We also note there are few limitations when applying propensity score weighting. First, it does not eliminate the potential for unmeasured confounding. Second, it assumes that there is a constant treatment effect over the course of the study. Since PHIS does not contain information about patients’ HU dose, adherence, duration of therapy, or hematologic response and because these are all potential factors that may modify HU’s effect on patients over time, we were unable to evaluate if HU had a constant effect.[9,22,23]

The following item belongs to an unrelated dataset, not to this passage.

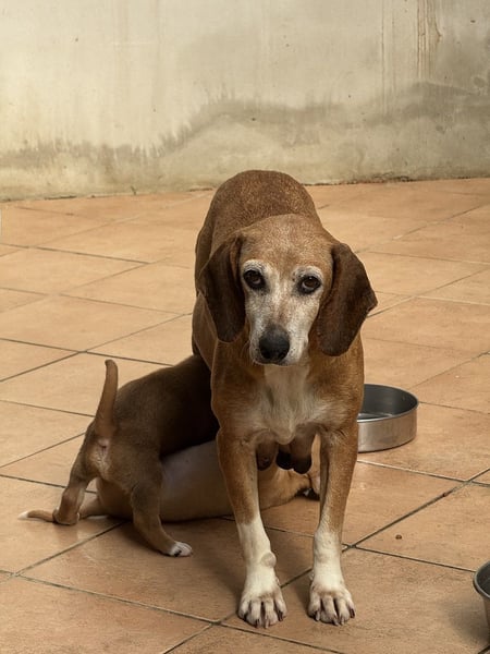 Dort hat sich das Quintett zwischenzeitlich gut erholt. Silke sei eine hervorragende Mutter, die sich liebevoll um ihre Babies kümmere, hören wir aus dem Refugio. Anfangs sei die Hundemama etwas schüchtern gewesen, aber mittlerweile habe sie wohl verstanden, dass ihr nichts Böses mehr geschehen könne. Unsere Freundin meldet weiter, dass Silke zu ihr Vertrauen gefasst habe, bei Fremden allerdings wieder Zeit brauche, um diesen Effort erneut zu leisten. Die tapfere Hündin habe in der Zwischenzeit auch gelernt, einigermaßen an der Leine zu gehen, wenn auch mit wenig Begeisterung. Silke hat eine kurze Rute, die laut der Tierschützerin so auch angeboren sein könnte (für InteressentInnen aus Österreich oder der Schweiz müsste dies vor Ausreise verifiziert werden).

In summary, we report that hospitalized children with SCD frequently use HU. However, HU is not utilized by many children with clinically severe SCD who have limited other treatment options. Our results support consideration of HU in children with SCD to prevent their hospitalization, rather than as a treatment to improve their hospitalization outcomes. To improve the care of hospitalized children with SCD, additional treatments are needed to reduce their LOS, ICU admissions, and need for erythrocyte transfusions.
Conflicts of Interest
The authors have neither received payment to produce this manuscript nor have conflicts of interest to disclose.